At the same time, clinicians and researchers caution against over-reliance on platform settings. Mental-health specialists point out that there is still limited evidence about the long-term psychological impact of daily conversations with AI companions, especially for adolescents whose identities and social skills are still developing.

Some early research suggests potential benefits in controlled environments: a growing body of studies, including meta-analyses published in digital-health journals, has found that AI-driven conversational agents can moderately reduce depressive symptoms when they are designed as structured interventions and evaluated under clinical supervision. However, those findings do not automatically translate to open-ended consumer chatbots used at home, where there are fewer guardrails and no direct clinical oversight.

Advocates also stress that digital tools, no matter how sophisticated, cannot solve underlying capacity gaps in youth mental-health systems. In countries like Australia, for example, media and academic reports frequently highlight long waiting lists and shortages of specialists, particularly in regional and rural areas. AI companions may ease some feelings of isolation but risk being treated as substitutes for professional care rather than temporary support.

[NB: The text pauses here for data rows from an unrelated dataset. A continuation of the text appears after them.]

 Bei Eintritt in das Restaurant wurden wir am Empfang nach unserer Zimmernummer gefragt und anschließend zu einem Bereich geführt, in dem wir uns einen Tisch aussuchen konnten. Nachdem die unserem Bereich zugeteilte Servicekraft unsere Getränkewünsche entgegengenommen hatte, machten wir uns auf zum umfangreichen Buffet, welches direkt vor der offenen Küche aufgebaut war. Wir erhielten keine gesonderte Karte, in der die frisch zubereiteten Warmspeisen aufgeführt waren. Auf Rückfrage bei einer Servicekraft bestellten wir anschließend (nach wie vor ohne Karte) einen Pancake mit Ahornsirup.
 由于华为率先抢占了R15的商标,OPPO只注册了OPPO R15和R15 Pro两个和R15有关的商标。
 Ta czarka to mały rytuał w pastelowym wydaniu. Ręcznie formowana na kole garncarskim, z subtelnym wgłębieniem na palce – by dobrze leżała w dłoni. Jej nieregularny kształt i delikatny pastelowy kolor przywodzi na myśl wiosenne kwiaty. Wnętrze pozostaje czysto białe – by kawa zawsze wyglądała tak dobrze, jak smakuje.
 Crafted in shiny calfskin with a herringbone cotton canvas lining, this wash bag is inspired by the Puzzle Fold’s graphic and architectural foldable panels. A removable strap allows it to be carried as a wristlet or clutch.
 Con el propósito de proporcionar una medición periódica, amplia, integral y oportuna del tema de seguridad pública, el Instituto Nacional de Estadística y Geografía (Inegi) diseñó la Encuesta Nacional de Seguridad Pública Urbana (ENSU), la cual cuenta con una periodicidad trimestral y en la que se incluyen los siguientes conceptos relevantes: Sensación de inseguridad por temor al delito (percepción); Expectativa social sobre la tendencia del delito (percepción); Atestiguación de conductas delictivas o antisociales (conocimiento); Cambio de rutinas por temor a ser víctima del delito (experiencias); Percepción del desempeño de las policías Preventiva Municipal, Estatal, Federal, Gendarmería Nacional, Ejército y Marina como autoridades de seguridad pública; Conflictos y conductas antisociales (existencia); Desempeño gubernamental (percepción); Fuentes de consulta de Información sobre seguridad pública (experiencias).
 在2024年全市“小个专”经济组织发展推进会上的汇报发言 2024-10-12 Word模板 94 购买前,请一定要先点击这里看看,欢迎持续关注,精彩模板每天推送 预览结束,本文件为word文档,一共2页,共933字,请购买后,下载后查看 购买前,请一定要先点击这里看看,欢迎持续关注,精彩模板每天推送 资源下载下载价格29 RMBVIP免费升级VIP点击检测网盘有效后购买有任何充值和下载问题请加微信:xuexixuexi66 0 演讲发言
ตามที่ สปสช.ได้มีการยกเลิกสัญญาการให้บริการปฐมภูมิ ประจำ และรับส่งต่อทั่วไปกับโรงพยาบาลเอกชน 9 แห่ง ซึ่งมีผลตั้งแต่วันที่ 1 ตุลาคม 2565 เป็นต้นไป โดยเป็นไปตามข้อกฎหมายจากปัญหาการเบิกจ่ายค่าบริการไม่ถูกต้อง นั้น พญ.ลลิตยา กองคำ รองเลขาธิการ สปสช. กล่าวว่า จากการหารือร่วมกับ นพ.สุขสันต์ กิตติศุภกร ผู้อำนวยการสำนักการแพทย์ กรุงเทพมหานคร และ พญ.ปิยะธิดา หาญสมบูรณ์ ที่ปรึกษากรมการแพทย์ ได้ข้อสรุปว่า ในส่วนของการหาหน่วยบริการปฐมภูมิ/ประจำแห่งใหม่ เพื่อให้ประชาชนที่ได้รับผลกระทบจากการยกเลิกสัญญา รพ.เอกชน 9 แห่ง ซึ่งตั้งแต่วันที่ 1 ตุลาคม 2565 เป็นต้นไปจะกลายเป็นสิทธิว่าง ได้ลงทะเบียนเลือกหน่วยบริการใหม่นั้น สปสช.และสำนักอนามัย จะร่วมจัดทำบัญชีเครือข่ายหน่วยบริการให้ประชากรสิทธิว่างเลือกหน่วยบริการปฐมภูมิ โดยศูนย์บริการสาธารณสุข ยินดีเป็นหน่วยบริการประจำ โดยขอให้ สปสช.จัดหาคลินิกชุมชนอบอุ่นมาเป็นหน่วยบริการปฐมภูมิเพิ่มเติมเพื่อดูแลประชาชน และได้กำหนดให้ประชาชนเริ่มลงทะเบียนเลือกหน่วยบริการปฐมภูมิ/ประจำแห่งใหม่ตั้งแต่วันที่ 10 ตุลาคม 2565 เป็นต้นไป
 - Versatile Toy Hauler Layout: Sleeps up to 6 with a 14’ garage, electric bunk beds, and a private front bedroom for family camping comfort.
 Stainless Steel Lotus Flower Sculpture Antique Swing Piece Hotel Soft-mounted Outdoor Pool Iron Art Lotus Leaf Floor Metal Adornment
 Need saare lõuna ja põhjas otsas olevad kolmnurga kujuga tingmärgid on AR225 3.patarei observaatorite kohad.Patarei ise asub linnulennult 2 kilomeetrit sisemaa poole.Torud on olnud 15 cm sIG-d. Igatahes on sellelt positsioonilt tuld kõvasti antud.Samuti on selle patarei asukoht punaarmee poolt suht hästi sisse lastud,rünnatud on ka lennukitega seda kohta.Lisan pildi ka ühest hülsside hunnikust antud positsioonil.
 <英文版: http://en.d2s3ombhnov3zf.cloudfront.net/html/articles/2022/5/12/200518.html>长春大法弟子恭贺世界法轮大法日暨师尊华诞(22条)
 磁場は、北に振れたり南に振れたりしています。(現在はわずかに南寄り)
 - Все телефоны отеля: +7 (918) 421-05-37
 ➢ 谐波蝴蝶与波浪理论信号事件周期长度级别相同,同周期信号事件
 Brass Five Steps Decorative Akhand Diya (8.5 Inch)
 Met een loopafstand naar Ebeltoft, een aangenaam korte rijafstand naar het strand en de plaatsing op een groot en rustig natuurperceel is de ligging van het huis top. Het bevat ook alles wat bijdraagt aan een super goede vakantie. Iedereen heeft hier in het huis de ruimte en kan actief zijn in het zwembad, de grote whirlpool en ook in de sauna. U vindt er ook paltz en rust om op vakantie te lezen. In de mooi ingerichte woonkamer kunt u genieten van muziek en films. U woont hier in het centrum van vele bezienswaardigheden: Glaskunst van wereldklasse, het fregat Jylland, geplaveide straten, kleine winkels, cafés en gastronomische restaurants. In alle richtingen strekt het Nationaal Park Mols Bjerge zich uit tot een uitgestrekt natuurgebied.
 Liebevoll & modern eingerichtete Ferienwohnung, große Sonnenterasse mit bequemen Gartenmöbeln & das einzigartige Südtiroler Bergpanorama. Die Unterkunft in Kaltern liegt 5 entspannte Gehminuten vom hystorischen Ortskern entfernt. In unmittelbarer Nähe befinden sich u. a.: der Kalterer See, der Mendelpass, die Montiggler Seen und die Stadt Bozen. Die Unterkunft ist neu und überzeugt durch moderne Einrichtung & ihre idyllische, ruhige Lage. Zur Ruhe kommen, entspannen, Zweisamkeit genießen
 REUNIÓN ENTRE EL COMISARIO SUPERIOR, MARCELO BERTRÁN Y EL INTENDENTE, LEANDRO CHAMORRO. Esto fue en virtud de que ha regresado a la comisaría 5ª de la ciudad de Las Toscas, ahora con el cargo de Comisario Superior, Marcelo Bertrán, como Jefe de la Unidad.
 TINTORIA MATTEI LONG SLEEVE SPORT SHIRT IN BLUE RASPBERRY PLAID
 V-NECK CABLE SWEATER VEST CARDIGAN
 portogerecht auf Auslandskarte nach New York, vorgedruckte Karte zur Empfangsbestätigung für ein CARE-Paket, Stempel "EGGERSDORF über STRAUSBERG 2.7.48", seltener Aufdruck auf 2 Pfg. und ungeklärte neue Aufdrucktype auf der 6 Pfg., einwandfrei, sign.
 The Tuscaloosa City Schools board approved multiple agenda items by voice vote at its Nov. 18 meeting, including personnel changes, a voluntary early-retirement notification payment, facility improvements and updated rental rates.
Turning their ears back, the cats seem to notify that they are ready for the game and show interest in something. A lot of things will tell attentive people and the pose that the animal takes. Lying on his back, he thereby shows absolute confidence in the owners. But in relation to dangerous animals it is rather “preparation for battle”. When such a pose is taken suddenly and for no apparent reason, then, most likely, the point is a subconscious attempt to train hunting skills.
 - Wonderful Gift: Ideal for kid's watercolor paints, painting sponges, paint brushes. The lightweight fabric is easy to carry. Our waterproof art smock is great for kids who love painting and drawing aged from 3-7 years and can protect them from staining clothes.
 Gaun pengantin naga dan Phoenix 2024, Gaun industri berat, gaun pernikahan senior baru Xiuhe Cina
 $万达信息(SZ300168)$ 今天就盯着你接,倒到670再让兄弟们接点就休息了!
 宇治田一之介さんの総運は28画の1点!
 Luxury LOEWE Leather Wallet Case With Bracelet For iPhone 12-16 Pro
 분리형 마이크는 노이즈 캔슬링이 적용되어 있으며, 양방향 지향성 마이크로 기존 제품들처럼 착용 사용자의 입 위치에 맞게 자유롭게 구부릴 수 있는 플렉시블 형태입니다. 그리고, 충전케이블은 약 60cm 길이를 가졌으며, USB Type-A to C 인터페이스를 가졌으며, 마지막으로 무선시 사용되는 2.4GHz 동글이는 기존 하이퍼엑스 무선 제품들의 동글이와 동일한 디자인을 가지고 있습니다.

Regulation, Design Standards and Digital Literacy

The rollout of Meta’s parental controls is widely seen as an early test of how major tech platforms will respond to mounting pressure over AI companions for minors.

In the United States, lawmakers are debating how far to go in regulating what kinds of AI systems children can use. Proposals under discussion include stricter age-verification requirements, enhanced transparency around training data and safety testing, and, in some cases, outright restrictions on romantic or emotionally intimate AI chatbots for under-18s.

In Europe, the newly adopted AI Act will impose additional obligations on providers of high-risk AI systems and bans certain manipulative practices, including those that exploit children’s vulnerabilities. While consumer chatbots do not all fall into the highest-risk category, many legal experts expect that tools marketed toward teens or used at scale could face tougher scrutiny under future guidance.

Australia’s eSafety Commissioner and other regulators are also examining how existing online-safety laws apply to AI companions, with an emphasis on ensuring that systems do not encourage self-harm, hate, or other serious harms and that reporting mechanisms work effectively for young users.

Beyond formal rules, ethicists and digital-rights advocates argue for a broader shift in design philosophy. They want companies to move away from engagement-driven metrics—such as maximising time spent chatting—and toward standards that prioritise wellbeing, clear crisis-response pathways, and honest communication about the limitations of AI.

Educators, meanwhile, see a role for digital literacy: teaching teens how AI works, what it can and cannot reliably do, and why even convincing-sounding responses might be incomplete, biased or wrong. Surveys suggest that a large majority of Gen Z has already used generative AI tools, which means the question is less whether young people will encounter AI companions and more how prepared they are to navigate them safely.

Meta’s new parental controls will not resolve these bigger questions on their own. But they mark a significant acknowledgment from one of the world’s largest social platforms that AI companions and teen mental health are now inextricably linked—and that families, regulators and companies will all have a role in shaping what safe, responsible use looks like in the years ahead.